### Information provided
== Segment start ==

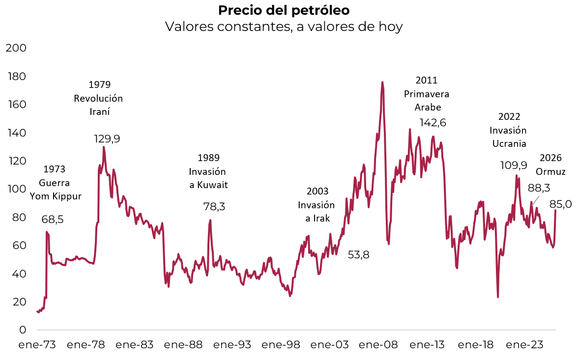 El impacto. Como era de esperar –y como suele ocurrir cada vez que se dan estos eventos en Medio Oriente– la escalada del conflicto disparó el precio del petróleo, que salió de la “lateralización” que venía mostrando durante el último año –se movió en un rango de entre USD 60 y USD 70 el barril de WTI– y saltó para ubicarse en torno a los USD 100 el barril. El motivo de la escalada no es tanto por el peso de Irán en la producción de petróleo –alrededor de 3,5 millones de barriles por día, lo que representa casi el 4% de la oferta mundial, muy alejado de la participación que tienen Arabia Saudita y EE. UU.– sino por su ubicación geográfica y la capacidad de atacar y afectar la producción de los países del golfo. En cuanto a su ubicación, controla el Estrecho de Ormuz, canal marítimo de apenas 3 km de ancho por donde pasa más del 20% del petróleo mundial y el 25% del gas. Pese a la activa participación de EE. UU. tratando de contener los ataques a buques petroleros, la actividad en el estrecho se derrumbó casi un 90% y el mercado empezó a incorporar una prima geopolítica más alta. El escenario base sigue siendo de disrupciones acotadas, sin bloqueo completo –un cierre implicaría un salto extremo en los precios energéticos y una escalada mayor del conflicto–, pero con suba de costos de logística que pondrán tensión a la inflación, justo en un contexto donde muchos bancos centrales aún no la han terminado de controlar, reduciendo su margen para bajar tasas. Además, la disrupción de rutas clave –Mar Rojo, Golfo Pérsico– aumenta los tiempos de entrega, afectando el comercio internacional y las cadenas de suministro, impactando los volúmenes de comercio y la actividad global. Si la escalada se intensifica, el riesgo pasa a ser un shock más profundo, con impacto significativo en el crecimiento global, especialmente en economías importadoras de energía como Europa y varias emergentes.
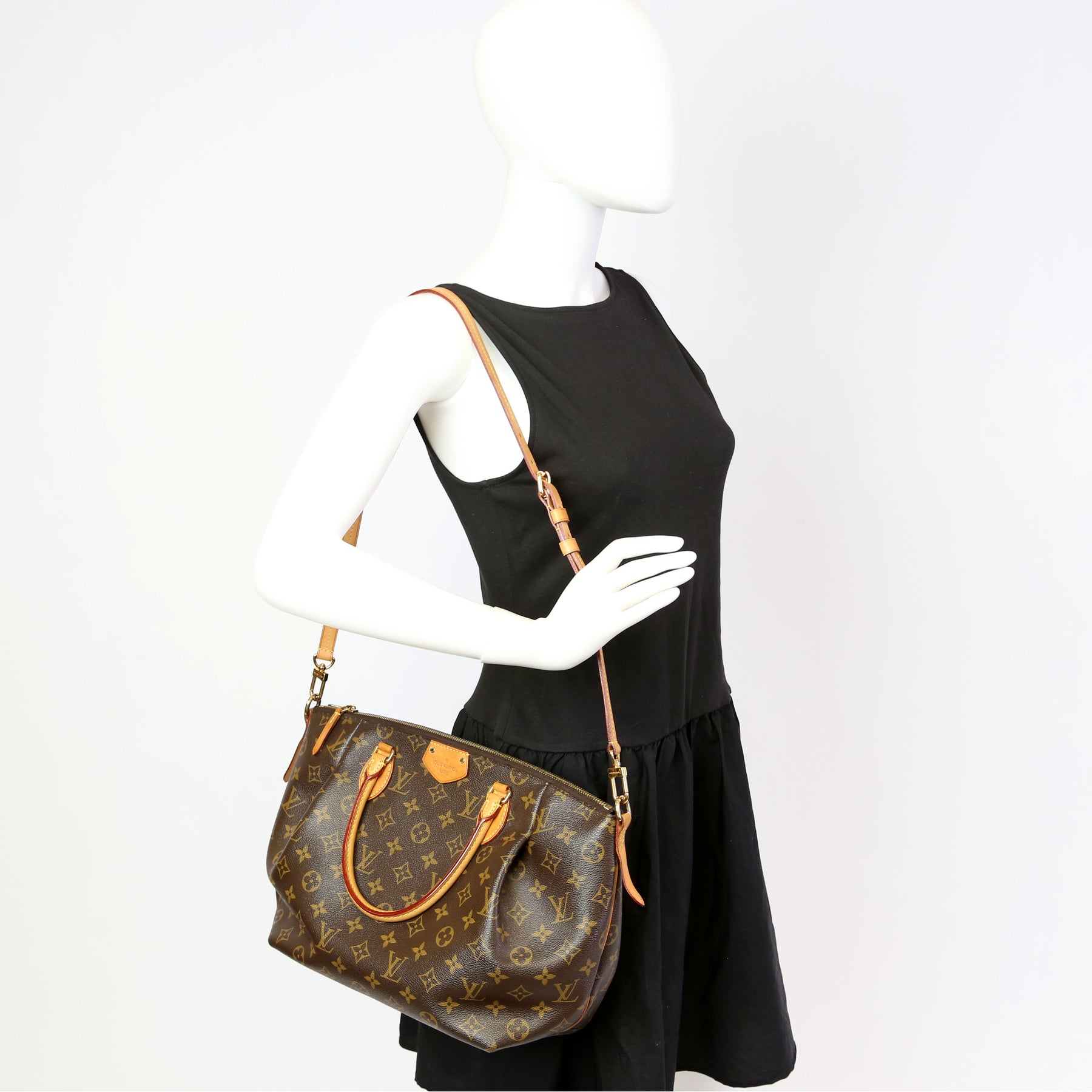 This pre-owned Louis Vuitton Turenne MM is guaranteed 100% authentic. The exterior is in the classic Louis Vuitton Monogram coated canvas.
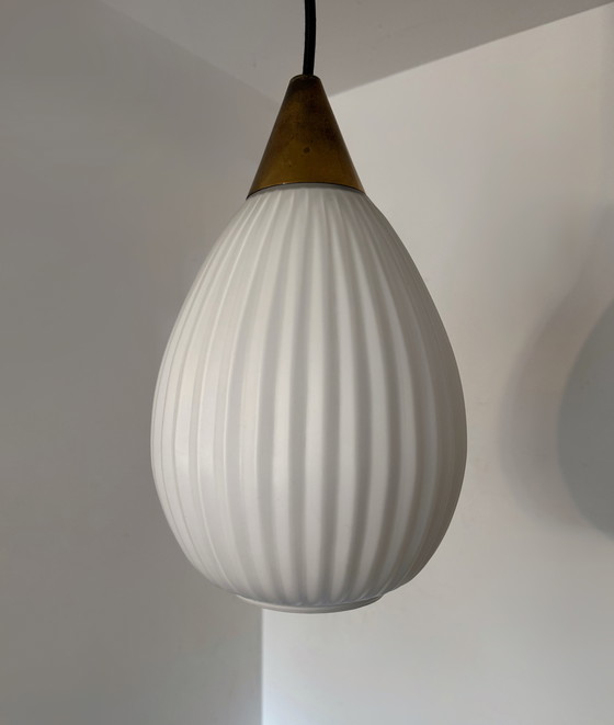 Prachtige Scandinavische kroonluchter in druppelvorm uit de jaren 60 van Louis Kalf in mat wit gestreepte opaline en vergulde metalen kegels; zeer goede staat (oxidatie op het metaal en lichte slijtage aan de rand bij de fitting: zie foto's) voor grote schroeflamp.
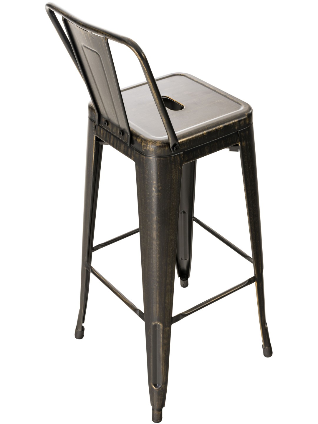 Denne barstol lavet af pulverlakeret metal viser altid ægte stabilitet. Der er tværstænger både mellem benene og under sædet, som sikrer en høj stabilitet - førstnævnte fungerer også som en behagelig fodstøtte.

== Segment end ==

### Exercise instructions
An exact transcript of the listing is needed, free of pictures.

### Response to the exercise
 El impacto. Como era de esperar –y como suele ocurrir cada vez que se dan estos eventos en Medio Oriente– la escalada del conflicto disparó el precio del petróleo, que salió de la “lateralización” que venía mostrando durante el último año –se movió en un rango de entre USD 60 y USD 70 el barril de WTI– y saltó para ubicarse en torno a los USD 100 el barril. El motivo de la escalada no es tanto por el peso de Irán en la producción de petróleo –alrededor de 3,5 millones de barriles por día, lo que representa casi el 4% de la oferta mundial, muy alejado de la participación que tienen Arabia Saudita y EE. UU.– sino por su ubicación geográfica y la capacidad de atacar y afectar la producción de los países del golfo. En cuanto a su ubicación, controla el Estrecho de Ormuz, canal marítimo de apenas 3 km de ancho por donde pasa más del 20% del petróleo mundial y el 25% del gas. Pese a la activa participación de EE. UU. tratando de contener los ataques a buques petroleros, la actividad en el estrecho se derrumbó casi un 90% y el mercado empezó a incorporar una prima geopolítica más alta. El escenario base sigue siendo de disrupciones acotadas, sin bloqueo completo –un cierre implicaría un salto extremo en los precios energéticos y una escalada mayor del conflicto–, pero con suba de costos de logística que pondrán tensión a la inflación, justo en un contexto donde muchos bancos centrales aún no la han terminado de controlar, reduciendo su margen para bajar tasas. Además, la disrupción de rutas clave –Mar Rojo, Golfo Pérsico– aumenta los tiempos de entrega, afectando el comercio internacional y las cadenas de suministro, impactando los volúmenes de comercio y la actividad global. Si la escalada se intensifica, el riesgo pasa a ser un shock más profundo, con impacto significativo en el crecimiento global, especialmente en economías importadoras de energía como Europa y varias emergentes.
 This pre-owned Louis Vuitton Turenne MM is guaranteed 100% authentic. The exterior is in the classic Louis Vuitton Monogram coated canvas.
 Prachtige Scandinavische kroonluchter in druppelvorm uit de jaren 60 van Louis Kalf in mat wit gestreepte opaline en vergulde metalen kegels; zeer goede staat (oxidatie op het metaal en lichte slijtage aan de rand bij de fitting: zie foto's) voor grote schroeflamp.
 Denne barstol lavet af pulverlakeret metal viser altid ægte stabilitet. Der er tværstænger både mellem benene og under sædet, som sikrer en høj stabilitet - førstnævnte fungerer også som en behagelig fodstøtte.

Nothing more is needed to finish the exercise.